CHAPTER 23
PITT’S PLANS for 1758 were not in fact much different from Loudoun’s. In a sense they could not be, for the geography of eastern North America gave only a few options to anyone contemplating “an Irruption into Canada” or the removal of the French forts from the Ohio Country. There were only two promising invasion routes into New France. One was up the St. Lawrence, which meant first taking or neutralizing Louisbourg. The other was along the Lake Champlain corridor, which meant fighting one’s way past Fort Carillon, Fort St. Frédéric, and the forts that guarded the Richelieu River. The third approach, up the Mohawk Valley to Lake Ontario and then down the St. Lawrence to Montréal, remained impracticable so long as the French maintained naval command of Lake Ontario and continued to occupy the forts that dominated either end: Frontenac at its outlet and Niagara at its head. Fort Frontenac held the key to communication between Québec and the interior of the continent. To destroy it would be to render insecure all the posts that lay farther west—Niagara, Detroit, Michilimackinac, and the Ohio Country forts— and to deprive the French of their trade with the pays d’en haut. Because Fort Duquesne’s strategic importance depended upon its ability to serve as a base for Indian raids, it needed a steady supply of arms, ammunition, and other trade goods.
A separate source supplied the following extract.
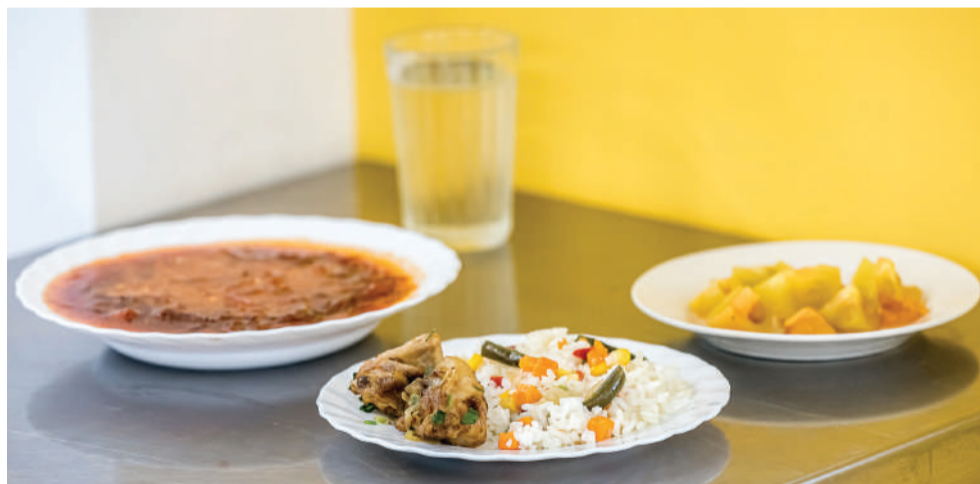
Контрольное блюдо в столовой

Duquesne would become vulnerable if Fort Frontenac were destroyed, and the drying up of trade would doubtless diminish the local Indians’ affection for the French; yet because much of its food came from the Illinois Country, the garrison itself could potentially survive even in the absence of support from Canada. The only way to be sure of establishing control over the Ohio Country and its Indians was therefore to destroy Fort Duquesne, and that meant building a road across the Alleghenies—either from the upper Potomac, as Braddock had tried to do, or across Pennsylvania.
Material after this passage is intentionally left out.